P.S. Oh the image above? It's the patron saint of the Camargue gypsies in the South of France, whose annual festival is celebrated on May 24th, which happens to also be Bob Dylan's birthday. According to legend, she was the (black) maidservant of one of the three Marys (Lazarus's sister Mary Magdalene; Mary Salome, mother of James; and Mary Jacobe, sister of St. Joseph) who fled Christian persecution in the Holy Land and landed on the South of France near the place now known as Saintes-Maries de la Mer. Dylan claims to have written this song after visiting the King of the Carmargue gypsies during the festival in the saint's honour. Her name? St. Sara.

Monday, 23 March 2009

Bob opens European tour with live debut!


I apologise for the lack of new posts lately; I fell seriously ill in January and have only recently left hospital.

It's nice to see that in my absence there has been quite a lot of activity on the His-Bobness front. Not content with preparing to release a new album, Bob has kicked off a new tour by including that rarity nowadays, a live debut of an old song... And what a left-field choice it is too -- Billy, from the 1973 soundtrack to Sam Peckinpah's Pat Garrett and Billy the Kid (to be precise, Billy 4).

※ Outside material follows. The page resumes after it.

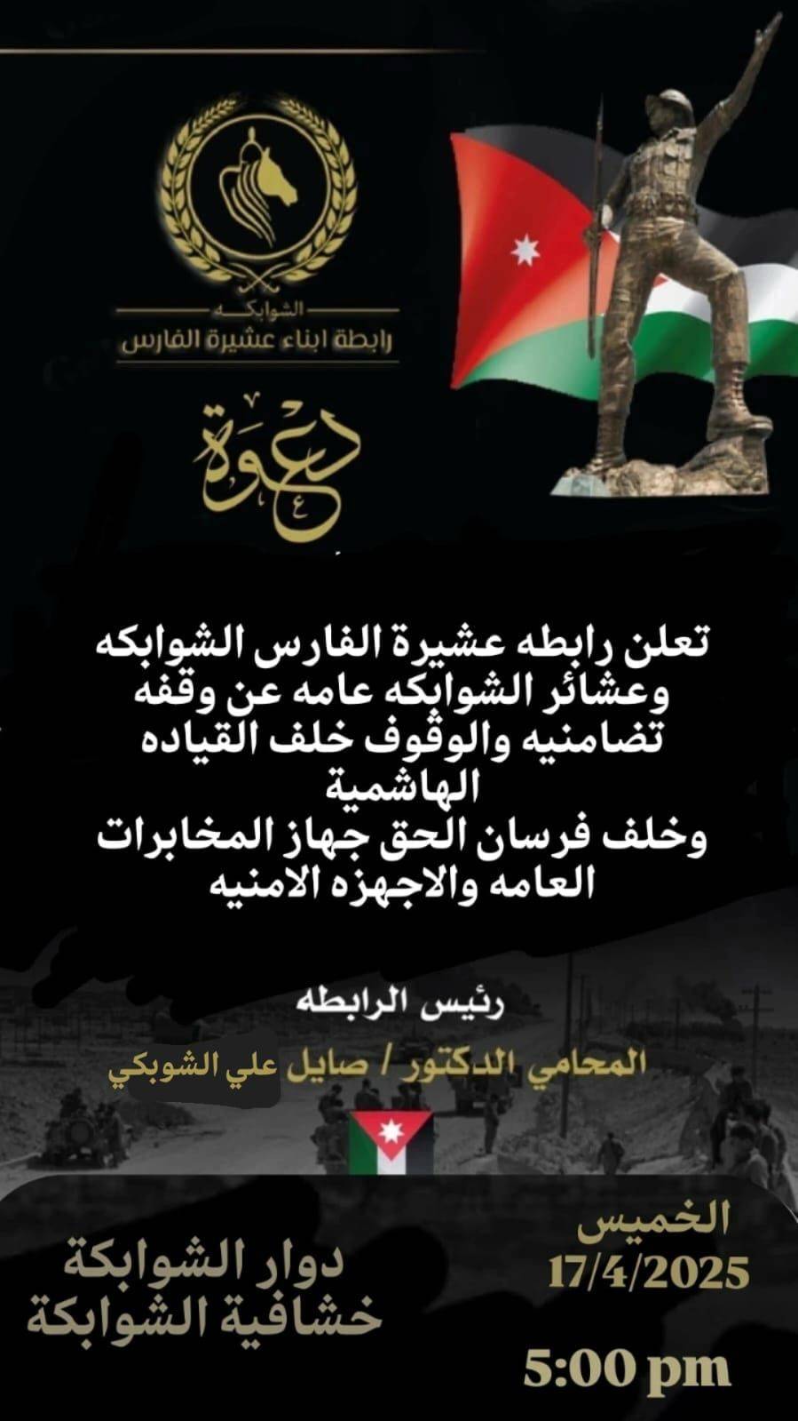تعلن رابطه عشيرة الفارس الشوابكه وعشائر الشوابكه عامه عن وقفه تضامنيه والوقوف خلف القياده الهاشميه

Unlike a lot of Bob's one-off (and who's to say this is a one-off?) choices, which often amount to no more than gestures, Bob really puts some effort into this. When I heard that he'd performed the song, I thought we'd just get a couple of desultory verses with a few half-remembered lines, but no! We get the whole damn song, every single verse, quite engagingly performed, and with a bit of harp too!

Typical of the old man with a new album in the can -- to treat us instead to a blast from the past! If past form is anything to go by, we will have to wait until the next tour to here live performances from the new album.